Outra opção é encaminhar decisões de oferta e demanda de UTI para


um comitê gestor, que poderia regularizar a situação e universalizar o
atendimento, localizando inclusive leitos em hospitais privados. Foi o
que aconteceu em Pernambuco no caso da técnica de enfermagem
Williane Maily Lins dos Santos. Mas, pelo menos para ela, a decisão
chegou tarde. Em nota, a Secretaria Estadual de Saúde de
Pernambuco informa que a paciente foi admitida na última quinta-
feira, dia 16, no Hospital João Murilo de Oliveira, com quadro
moderado de Síndrome Respiratória Aguda Grave (Srag).

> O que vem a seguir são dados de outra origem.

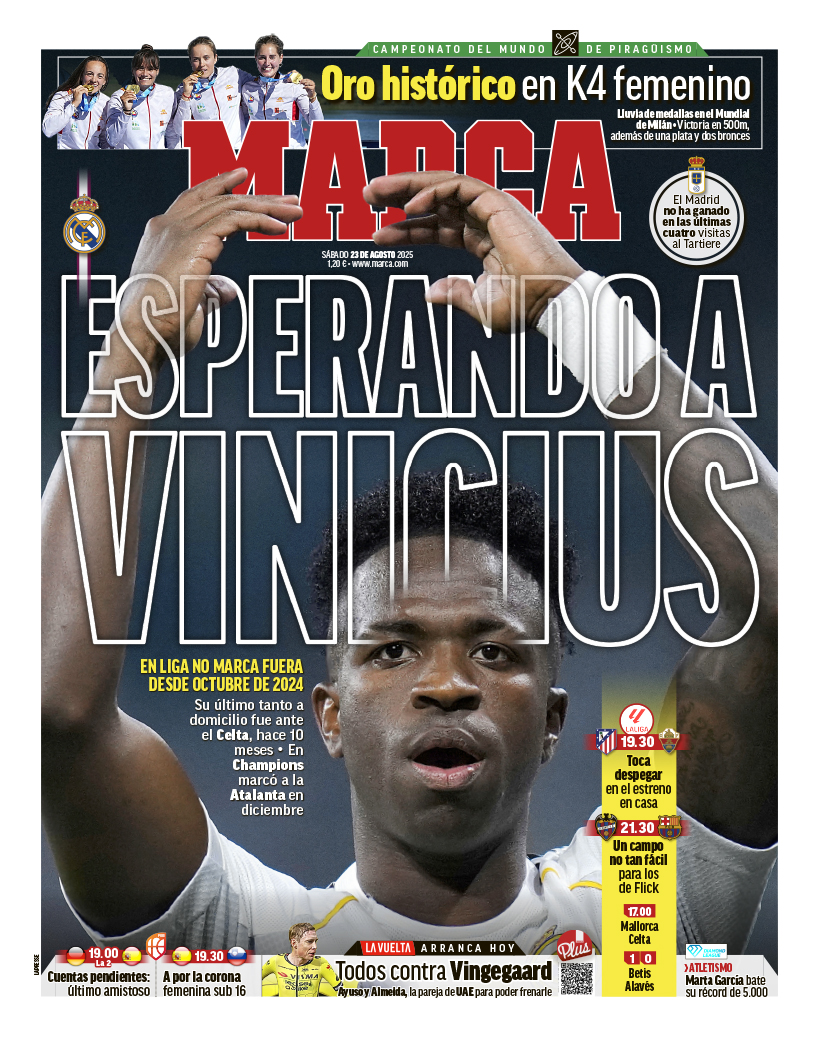 El diario Marca, en su portada para este sábado 23 de agosto de 2025, destaca la mala racha goleadora de Vinicius Junior fuera de casa.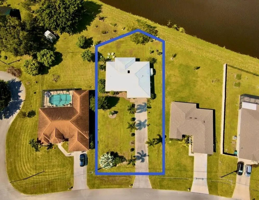 This beautiful home is in move-in condition. There are so many unique features. The home sits on one of the deepest lots in this neighborhood on a wide fresh water canal with a city green belt that provides excellent drainage. If you have a number of vehicles,maybe a motor home, boat on a trailer, or RV, thereis so much extra parking and room for a extra turnaround pad. Entire home including the Florida Room has a Metal Roof. Covered and Screened front entry porch, Kitchen features all stainless appliances including a bottom freezer. The is also a skylight andtile backsplash. New 2025 Garage Door Opener, the mature professional landscaping is exceptional. Take the 45 plus HD Photo Tour and call for an appointment today...
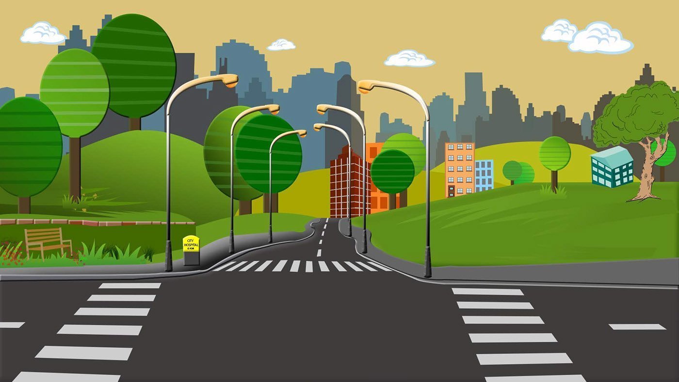 ![Мультяшная дорога в городе]()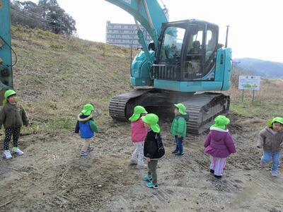 道中で無人のパワーショベルも発見し、至近距離で「うわーでっかー!」と隅々まで観察するもも組さんでした。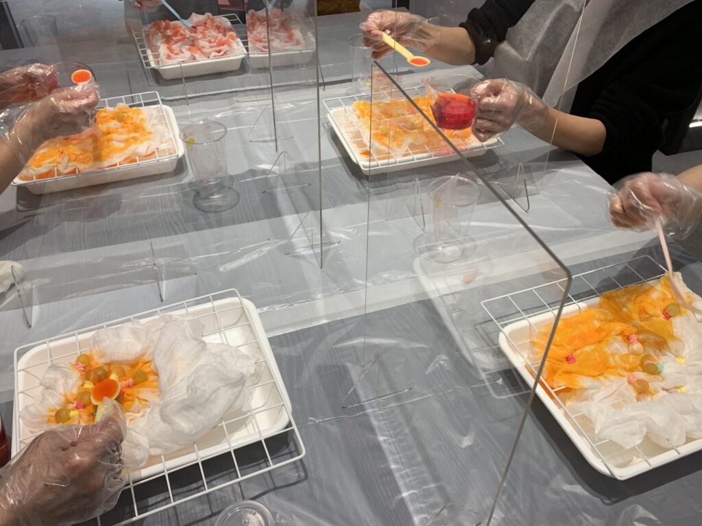 中川政七商店さんの「花ふきん」をビー玉絞りで染めるワークショップ。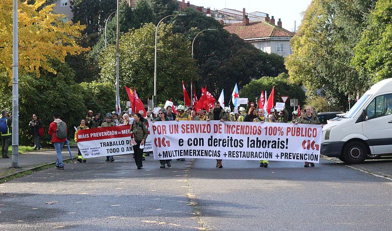 Persoal de Prevención e Extinción de Incendios Forestais da Xunta volveu mobilizarse este luns para reclamar un servizo 100% público e único, no que todo o persoal teña as mesmas condicións laborais, se lle garanta a súa saúde e seguridade, que dispoña de dignidade salarial e que traballe todo o ano nas multiemerxencias e colabore na restauración das zonas queimadas.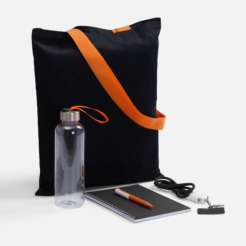 • Холщовая сумка BrighTone, черная с оранжевыми ручками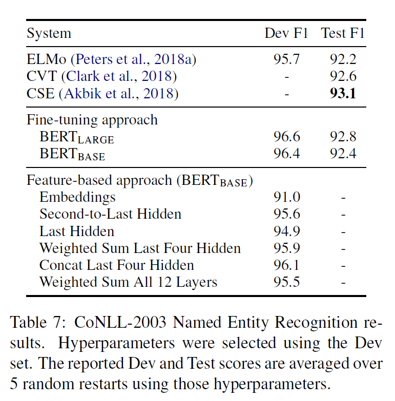 기존 fine-tuning 모델과 features-based 모델을 비교한 결과 BERT는 두 가지 방식 모두 효과가 있었다.(BERT_LARGE가 제일 좋은 성능을 보여줌)

Na tarde
de sexta-feira, seu quadro piorou, e foi solicitada uma vaga de UTI à
Central de Regulação de Leitos. O leito foi disponibilizado ainda na
noite do mesmo dia em um hospital privado. “Infelizmente a paciente
teve uma piora súbita antes que fosse possível realizar a
transferência”, arremata a nota, lembrando que o estado teria
atingido, no domingo, 19, a marca de 646 leitos dedicados
exclusivamente à doença, sendo 319 de UTI. A secretaria não
detalhou a que horas foi feito o pedido.

Dois dias depois do enterro da filha, Pereira gravou um vídeo em que


aparece sentada ao lado do marido, também técnico de enfermagem.
Torcia os dedos da mão sobre o colo, chorando a morte da filha.
“Gostaria de saber quem foi que fechou esse ciclo, quem foi que
deixou que faltasse esse leito, porque, se não garantisse a vida,
garantiria uma assistência digna a uma profissional de enfermagem, a
um ser humano.” O teste para coronavírus foi feito depois da morte
de Santos. O resultado saiu três dias depois. Está marcado em verde-
limão: “Detectável: Coronavírus SARS-CoV2”.